The Levin approach to the numerical calculation of phase functions

TL;DR

This paper introduces two numerical algorithms inspired by Levin's method for efficiently constructing phase functions of scalar ODEs with slowly-varying coefficients, reducing computational complexity regardless of coefficient magnitude.

Contribution

The paper presents novel Levin-inspired algorithms for phase function calculation in scalar ODEs, improving efficiency for equations with large coefficients.

Findings

Algorithms have running times independent of coefficient magnitude.

Numerical experiments confirm the effectiveness of the methods.

Applicable to a broad class of scalar ODEs with slowly-varying coefficients.

Abstract

The solutions of scalar ordinary differential equations become more complex as their coefficients increase in magnitude.
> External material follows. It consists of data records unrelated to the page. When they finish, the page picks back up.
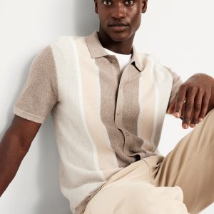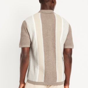 Button-Down Striped Polo: spread collar, short sleeves, buttoned placket, pullover style, #802042
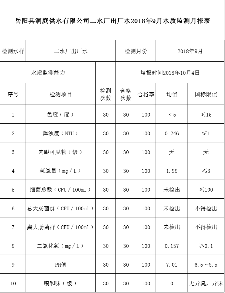 嶽陽縣洞庭供水有限公司二水廠出廠水2018年9月水質監測月報表
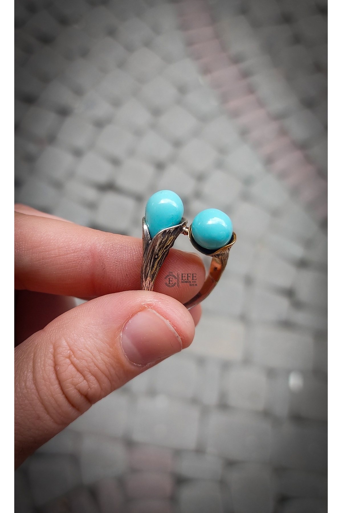 925 AYAR GÜMÜŞ ÖZEL TASARIM İKİLİ FİRUZE (TURKUAZ) TAŞLI YÜZÜK 925 AYAR GÜMÜŞ ÖZEL TASARIM İKİLİ FİRUZE (TURKUAZ) TAŞLI YÜZÜK 2LİFRZYZK 20

As a consequence, when a standard solver is applied to such an equation, its running time grows with the magnitudes of the equation's coefficients. It is well known, however, that scalar ordinary differential equations with slowly-varying coefficients admit slowly-varying phase functions whose cost to represent via standard techniques is largely independent of the magnitude of the equation's coefficients. This observation is the basis of most methods for the asymptotic approximation of the solutions of ordinary differential equations, including the WKB method. Here, we introduce two numerical algorithms for constructing phase functions for scalar ordinary differential equations inspired by the classical Levin method for the calculation of oscillatory integrals. In the case of a large class of scalar ordinary differential equations with slowly-varying coefficients, their running times are independent of the magnitude of the equation's coefficients. The results of extensive numerical experiments demonstrating the properties of our algorithms are presented.